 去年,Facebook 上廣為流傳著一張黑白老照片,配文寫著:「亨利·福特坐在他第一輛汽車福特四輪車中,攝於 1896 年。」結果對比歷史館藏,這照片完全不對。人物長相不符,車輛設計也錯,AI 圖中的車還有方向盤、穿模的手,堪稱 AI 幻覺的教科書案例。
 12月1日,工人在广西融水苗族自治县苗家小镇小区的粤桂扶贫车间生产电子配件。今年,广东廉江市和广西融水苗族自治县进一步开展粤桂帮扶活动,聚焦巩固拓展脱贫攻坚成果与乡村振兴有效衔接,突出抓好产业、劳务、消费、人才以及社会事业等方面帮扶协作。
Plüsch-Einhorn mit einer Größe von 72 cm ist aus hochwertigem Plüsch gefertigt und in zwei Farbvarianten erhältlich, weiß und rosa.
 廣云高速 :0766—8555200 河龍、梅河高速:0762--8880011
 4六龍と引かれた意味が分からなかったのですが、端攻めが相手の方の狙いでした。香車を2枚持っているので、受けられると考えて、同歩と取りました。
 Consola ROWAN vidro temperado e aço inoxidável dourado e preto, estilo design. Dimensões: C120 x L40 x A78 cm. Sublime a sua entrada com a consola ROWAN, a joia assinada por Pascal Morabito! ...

··········

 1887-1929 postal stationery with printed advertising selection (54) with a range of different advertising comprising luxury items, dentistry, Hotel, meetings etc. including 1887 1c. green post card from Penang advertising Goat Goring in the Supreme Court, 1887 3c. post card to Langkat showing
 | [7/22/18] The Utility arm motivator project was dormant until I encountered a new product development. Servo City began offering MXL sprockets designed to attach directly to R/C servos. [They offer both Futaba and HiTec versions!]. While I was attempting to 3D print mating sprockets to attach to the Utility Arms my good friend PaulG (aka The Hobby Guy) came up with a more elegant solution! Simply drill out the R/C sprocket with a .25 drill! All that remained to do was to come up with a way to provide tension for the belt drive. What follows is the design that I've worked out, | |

··········

Required action = Above this instruction are the records; retype exactly the lines from the one containing "去年,Facebook 上廣為流傳著一張黑白老照片,配文寫著:「亨利·福特坐在他第一輛汽車福特四輪車中,攝於 1896" up to and including the one containing "12月1日,工人在广西融水苗".

Written answer =
 去年,Facebook 上廣為流傳著一張黑白老照片,配文寫著:「亨利·福特坐在他第一輛汽車福特四輪車中,攝於 1896 年。」結果對比歷史館藏,這照片完全不對。人物長相不符,車輛設計也錯,AI 圖中的車還有方向盤、穿模的手,堪稱 AI 幻覺的教科書案例。
 12月1日,工人在广西融水苗族自治县苗家小镇小区的粤桂扶贫车间生产电子配件。今年,广东廉江市和广西融水苗族自治县进一步开展粤桂帮扶活动,聚焦巩固拓展脱贫攻坚成果与乡村振兴有效衔接,突出抓好产业、劳务、消费、人才以及社会事业等方面帮扶协作。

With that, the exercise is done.